DragonsTooth, High-Throughput Computing

The Dragonstooth cluster, after due notice, was decommissioned during a maintenance outage January 17-19, 2023. Please consider using the [Tinkercliffs](tinkercliffs) and [Infer](infer) clusters instead.

Overview

DragonsTooth is a 48-node system designed to support general batch HPC jobs. The table below lists the technical details of each DragonsTooth node. Nodes are connected to each other and to storage via 10 gigabit ethernet (10GbE), a communication channel with high bandwidth but higher latency than InfiniBand (IB). As a result, DragonsTooth is better suited to jobs that require less internode communication and/or less I/O intearction with non-local storage than NewRiver, which has similar nodes but a low-latency IB interconnect. To allow I/O-intensive jobs, DragonsTooth nodes are each outfitted with nearly 2 TB of solid state local disk. DragonsTooth was released to the Virginia Tech research community in August 2016. In November of 2018, DragonsTooth was reprovisioned with Slurm as its scheduler as a replacement for Moab/Torque.

Technical Specifications

Component	Specification
CPU	2 x Intel Xeon E5-2680v3 (Haswell) 2.5 GHz 12-core
Memory	256 GB 2133 MHz DDR4
Local Storage	4 x 480 GB SSD Drives
Theoretical Peak (DP)	806 GFlops/s

Policies

Note: DragonsTooth is governed by an allocation manager, meaning that in order to run most jobs on it, you must be an authorized user of an allocation that has been submitted and approved. For more on allocations, click here.

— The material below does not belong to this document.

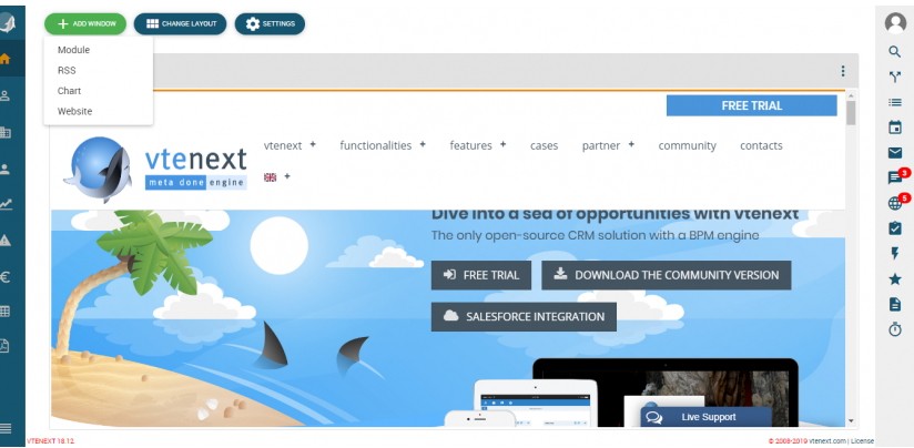 右侧的功能栏(对话,通知,快速创建等)包括指向过程模块和搜索功能的链接。

As described above, communications between nodes and between a node and storage will have higher latency on DragonsTooth than on other ARC clusters. For this reason the queue structure is designed to allow more jobs and longer-running jobs than on other ARC clusters. DragonsTooth has two partitions (queues):

normal_q for production (research) runs.
dev_q for short testing, debugging, and interactive sessions. dev_q provides slightly elevated job priority to facilitate code development and job testing prior to production runs.

The settings for the partitions are:

Partition	`normal_q`	`dev_q`
Access to	dt003-dt048	dt003-dt048
Max Jobs	288 per user 432 per allocation	1 per user
Max Nodes	12 per user 18 per allocation	12 per user
Max Core-Hours*	34,560 per user 51,840 per allocation	96 per user
Max Walltime	30 days	2 hr

Other notes:

Shared node access: more than one job can run on a node.

*A user cannot, at any one time, have more than this many core-hours allocated across all of their running jobs. So you can run long jobs or large/many jobs, but not both. For illustration, the following table describes how many nodes a user can allocate for a given amount of time:

Walltime	Max Nodes (per user)	Max Nodes (per allocation)
72 hr (3 days)	12	18
144 hr (6 days)	10	15
360 hr (15 days)	4	6
720 hr (30 days)	2	3

Access

DragonsTooth can be accessed via one of the two login nodes:

dragonstooth1.arc.vt.edu
dragonstooth2.arc.vt.edu

Users may also use Open OnDemand to access the cluster.

Job Submission

Access to all compute nodes is controlled via the Slurm resource manager; see the Slurm documentation for additional usage information. Example resource requests on Cascades include:

#Request exclusive access to all resources on 2 nodes 
#SBATCH --nodes=2 
#SBATCH --exclusive

#Request 4 cores (on any number of nodes)
#SBATCH --ntasks=4

#Request 2 nodes with 12 tasks running on each
#SBATCH --nodes=2
#SBATCH --ntasks-per-node=12

#Request 12 tasks with 20GB memory per core
#SBATCH --ntasks=12 
#SBATCH --mem-per-cpu=20G